X Apps



  1. The X App Store
  2. X Apps Studio
  3. X Apps Studio Mahjong Solitaire
  4. Appsync X-ray

A project called “X-Apps” was started in 2016 to produce generic applications for traditional GTK desktop environments.

The idea behind this project is to replace applications which no longer integrate properly outside of a particular environment (this is the case for a growing number of GNOME applications) and to give our desktop environments the same set of core applications, so that each change, each new feature being developed, each little improvement made in one of them will benefit not just one environment, but all of them.

  1. May 21, 2020.
  2. I didn't find enough documentation on spring-boot and Servlet Container compatability. What should be the minimum Servlet specification implementation required for deploying Spring-boot 2.2.x apps?

The core ideas for X-Apps are:

  • To use modern toolkits and technologies (GTK3 for HiDPI support, gsettings etc..)
  • To use traditional user interfaces (titlebars, menubars)
  • To work everywhere (to be generic, desktop-agnostic and distro-agnostic)
  • To provide the functionality users already enjoy (or enjoyed in the past for distributions which already lost some functionality)
  • To be backward-compatible (in order to work on as many distributions as possible)

Within Linux Mint, users didn’t need to adapt to X-Apps, because in many cases, they were very similar or exactly the same as the applications people were already using. For instance, Totem 3.18 was radically different than Totem 3.10 which shipped with Linux Mint 17, but Xplayer 1.0 (which was the default media player in Linux Mint 18) was exactly the same. The goal of the X-Apps is not to reinvent the wheel. Quite the opposite in fact, it’s to guarantee the maintenance of applications we already enjoyed and to steer their development in a direction that benefits multiple desktop environments.

Jun 18, 2020.

It makes no sense to develop 3 different text editors, 5 different calculators and so on. When we work on projects like these, we want to make it count. An improvement in the text editor shouldn’t benefit only one edition, it should benefit all of them.

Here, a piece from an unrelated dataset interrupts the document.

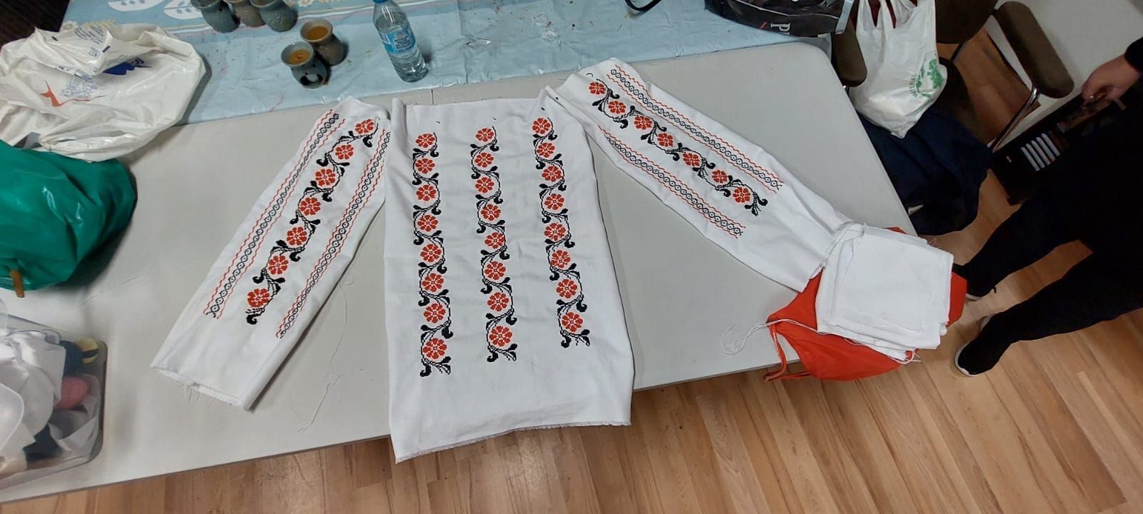 🔹 Atelierul de cusut: Cu răbdare și migală, prima ie a început să prindă contur. Următorul pas în finalizarea acesteia este tivirea cu găuri, un detaliu esențial pentru frumusețea și autenticitatea cămășii tradiționale românești.

All three editions of Linux Mint come with the same XApps libraries and applications. When working on XApps, our development efforts are focused on improving all desktops.

libxapp¶

This is the XApps library. Anything that is cross-desktop goes in there.

It’s available in Python and JS as well, through GObject Introspection.

This project is developed in C and its source code is available on Github.

Apps

python-xapp¶

This is a small Python library providing extra functionality.

This project is developed in Python and its source code is available on Github.

xed¶

Xed is based on Pluma and acts as the default text editor.

This project is developed in C and its source code is available on Github.

xviewer¶

Xviewer is based on Eye of GNOME and acts as the default image viewer.

This project is developed in C and its source code is available on Github.

xplayer¶

Xplayer is based on Totem and acts as the default media player for music and videos.

X apps studio

This project is developed in C and its source code is available on Github.

The X App Store

xreader¶

Xreader is based on Atril and acts as the default document and PDF reader.

This project is developed in C and its source code is available on Github.

pix¶

Pix is based on gThumb, which is an application to organize your photos.

The x app store

X Apps Studio

This project is developed in C and its source code is available on Github.

blueberry¶

The Bluetooth tool, blueberry, is a frontend to gnome-bluetooth with systray support.

The GNOME Bluetooth frontend was removed from gnome-bluetooth and made part of gnome-control-center, essentially making gnome-bluetooth useless outside of GNOME. Blueberry provides that missing frontend and makes it easy for other GTK desktops to use gnome-bluetooth.

This project is developed in Python and its source code is available on Github.

slick-greeter¶

Slick-greeter is the default login screen, it’s a LightDM greeter originally forked from unity-greeter and modified to work on its own (without gnome-settings-daemon, gnome or unity).

This project is developed in Vala and its source code is available on Github.

lightdm-settings¶

X Apps Studio Mahjong Solitaire

The lightdm-settings project provides a configuration tool to set up LightDM and slick-greeter.

Appsync X-ray

This project is developed in Python and its source code is available on Github.